TASK STATEMENT —
Among the lines of the listing below, retype exactly those from the one containing "Cute ginger cat" through the one containing "Од тие причини, Еуростандард", both included. Do not include pictures.
------ GIVEN INFORMATION ------
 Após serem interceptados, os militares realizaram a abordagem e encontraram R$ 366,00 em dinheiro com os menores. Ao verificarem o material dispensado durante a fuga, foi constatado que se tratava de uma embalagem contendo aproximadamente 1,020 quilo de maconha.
------
------ GIVEN INFORMATION ------
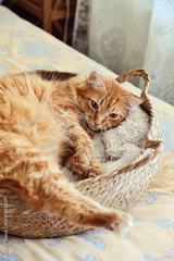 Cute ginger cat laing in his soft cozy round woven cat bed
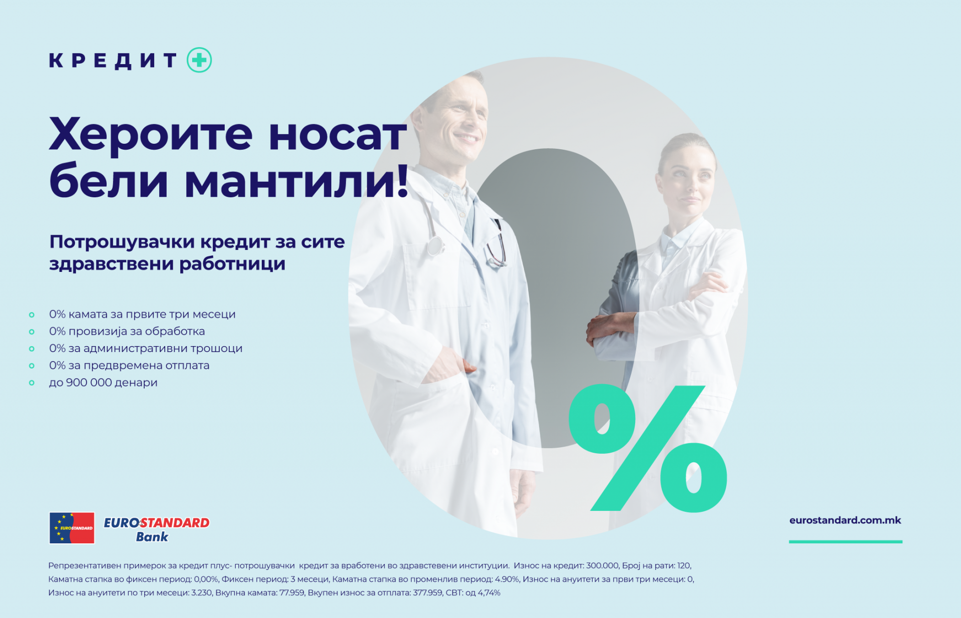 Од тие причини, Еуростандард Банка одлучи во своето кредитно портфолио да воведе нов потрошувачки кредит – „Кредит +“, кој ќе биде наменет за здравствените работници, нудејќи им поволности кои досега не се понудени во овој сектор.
------
------ GIVEN INFORMATION ------
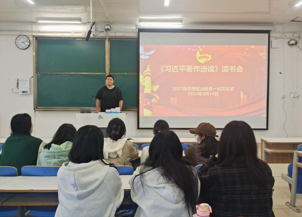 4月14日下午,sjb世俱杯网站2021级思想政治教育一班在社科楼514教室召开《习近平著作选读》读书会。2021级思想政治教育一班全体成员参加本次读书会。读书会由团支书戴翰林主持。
------
TASK RESPONSE —
 Cute ginger cat laing in his soft cozy round woven cat bed
 Од тие причини, Еуростандард Банка одлучи во своето кредитно портфолио да воведе нов потрошувачки кредит – „Кредит +“, кој ќе биде наменет за здравствените работници, нудејќи им поволности кои досега не се понудени во овој сектор.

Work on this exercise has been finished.